Task inputs:

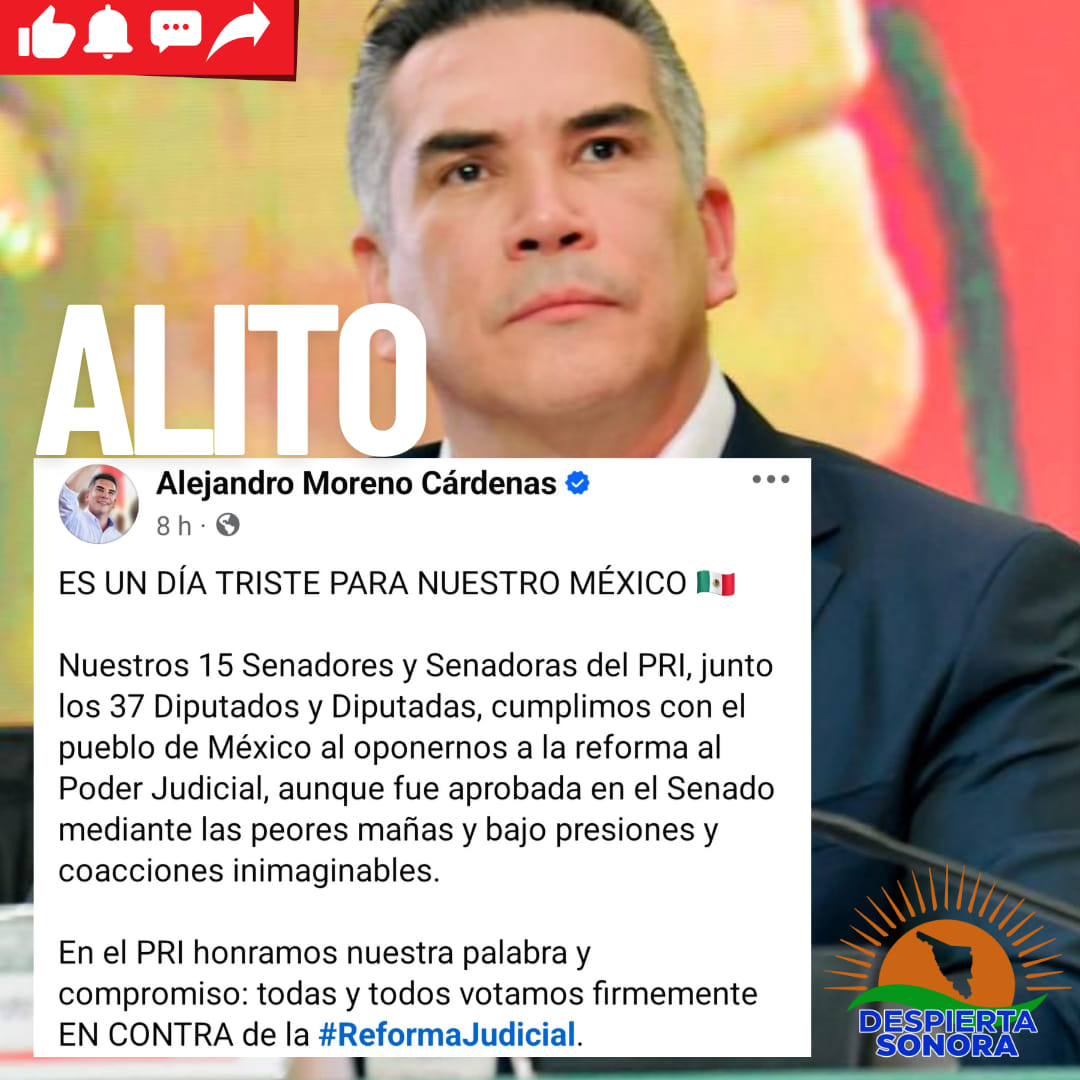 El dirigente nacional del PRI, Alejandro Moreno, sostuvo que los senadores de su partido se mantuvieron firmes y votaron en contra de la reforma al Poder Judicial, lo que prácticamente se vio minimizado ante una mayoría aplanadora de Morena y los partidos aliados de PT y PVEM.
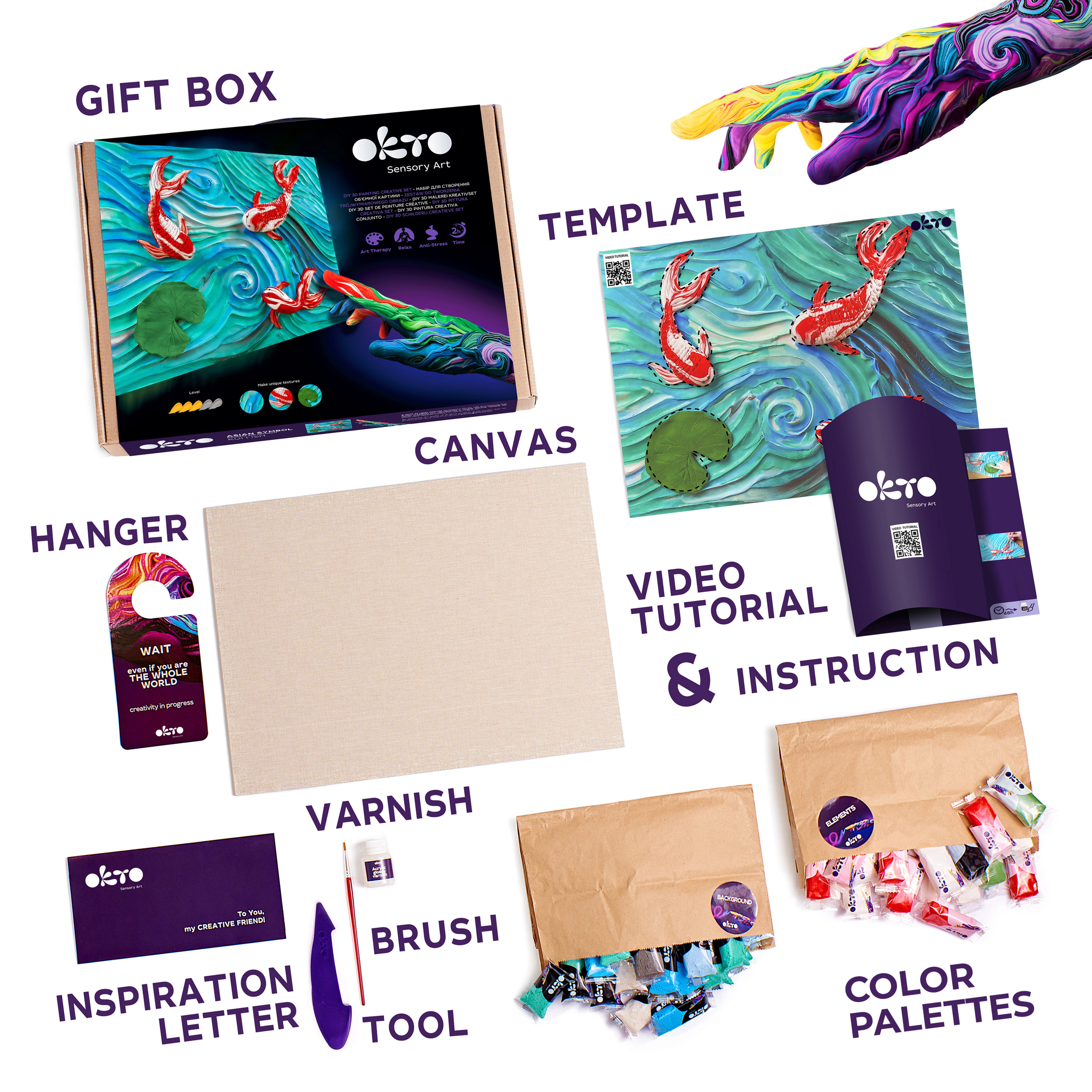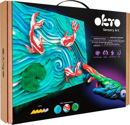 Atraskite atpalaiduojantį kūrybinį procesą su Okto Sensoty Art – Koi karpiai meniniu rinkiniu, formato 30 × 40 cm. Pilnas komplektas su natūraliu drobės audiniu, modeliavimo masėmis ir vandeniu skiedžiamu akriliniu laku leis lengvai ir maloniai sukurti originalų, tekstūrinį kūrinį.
...
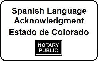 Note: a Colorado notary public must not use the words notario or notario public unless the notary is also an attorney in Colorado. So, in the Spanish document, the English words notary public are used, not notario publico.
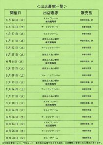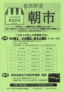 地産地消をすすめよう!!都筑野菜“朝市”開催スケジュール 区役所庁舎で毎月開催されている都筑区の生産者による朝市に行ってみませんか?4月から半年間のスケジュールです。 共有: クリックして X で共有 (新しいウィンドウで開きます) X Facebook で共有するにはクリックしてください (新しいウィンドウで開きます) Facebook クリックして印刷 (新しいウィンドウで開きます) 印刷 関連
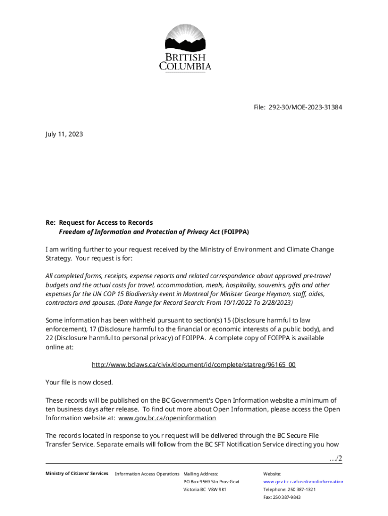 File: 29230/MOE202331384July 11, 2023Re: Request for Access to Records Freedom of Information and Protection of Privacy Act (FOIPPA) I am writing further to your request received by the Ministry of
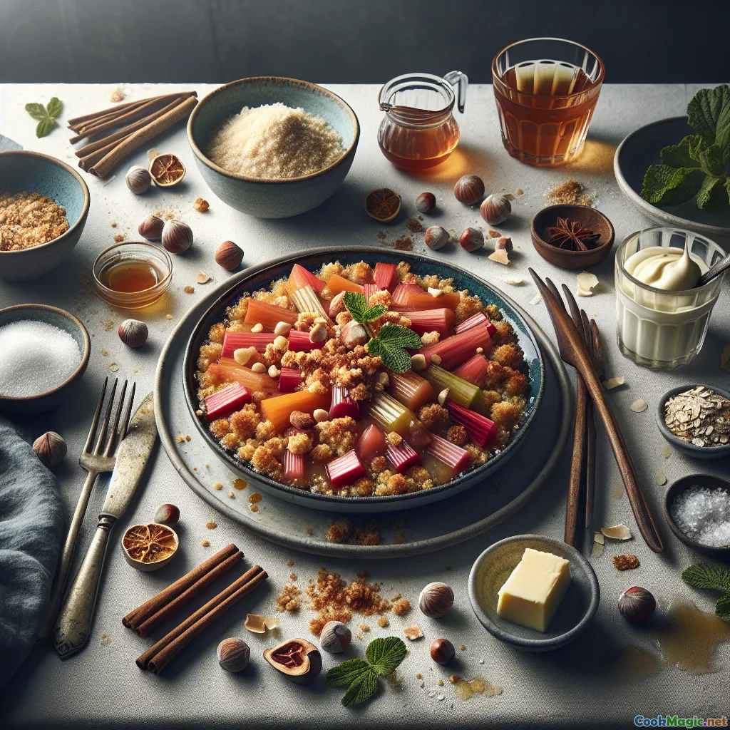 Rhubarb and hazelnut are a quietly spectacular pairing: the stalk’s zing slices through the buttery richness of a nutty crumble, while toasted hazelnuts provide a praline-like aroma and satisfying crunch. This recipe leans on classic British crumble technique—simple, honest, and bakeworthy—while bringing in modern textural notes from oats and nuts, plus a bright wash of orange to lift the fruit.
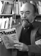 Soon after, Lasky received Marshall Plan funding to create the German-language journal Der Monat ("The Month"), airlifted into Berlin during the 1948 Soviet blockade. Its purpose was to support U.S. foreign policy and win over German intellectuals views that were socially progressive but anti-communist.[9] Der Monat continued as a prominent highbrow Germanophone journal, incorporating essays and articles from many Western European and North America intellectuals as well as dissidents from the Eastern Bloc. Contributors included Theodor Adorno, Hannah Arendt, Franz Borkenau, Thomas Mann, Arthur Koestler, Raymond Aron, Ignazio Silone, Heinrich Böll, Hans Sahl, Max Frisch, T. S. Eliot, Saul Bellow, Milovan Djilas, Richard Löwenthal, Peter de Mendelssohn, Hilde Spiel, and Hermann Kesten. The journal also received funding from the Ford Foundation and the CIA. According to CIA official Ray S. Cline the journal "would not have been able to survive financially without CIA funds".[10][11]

What is being asked: In the listing above, find the line with "Note: a Colorado" and the line with "Rhubarb and hazelnut". Copy exactly those lines and all between them, minus the images.

Solution for this problem:
 Note: a Colorado notary public must not use the words notario or notario public unless the notary is also an attorney in Colorado. So, in the Spanish document, the English words notary public are used, not notario publico.
 地産地消をすすめよう!!都筑野菜“朝市”開催スケジュール 区役所庁舎で毎月開催されている都筑区の生産者による朝市に行ってみませんか?4月から半年間のスケジュールです。 共有: クリックして X で共有 (新しいウィンドウで開きます) X Facebook で共有するにはクリックしてください (新しいウィンドウで開きます) Facebook クリックして印刷 (新しいウィンドウで開きます) 印刷 関連
 File: 29230/MOE202331384July 11, 2023Re: Request for Access to Records Freedom of Information and Protection of Privacy Act (FOIPPA) I am writing further to your request received by the Ministry of
 Rhubarb and hazelnut are a quietly spectacular pairing: the stalk’s zing slices through the buttery richness of a nutty crumble, while toasted hazelnuts provide a praline-like aroma and satisfying crunch. This recipe leans on classic British crumble technique—simple, honest, and bakeworthy—while bringing in modern textural notes from oats and nuts, plus a bright wash of orange to lift the fruit.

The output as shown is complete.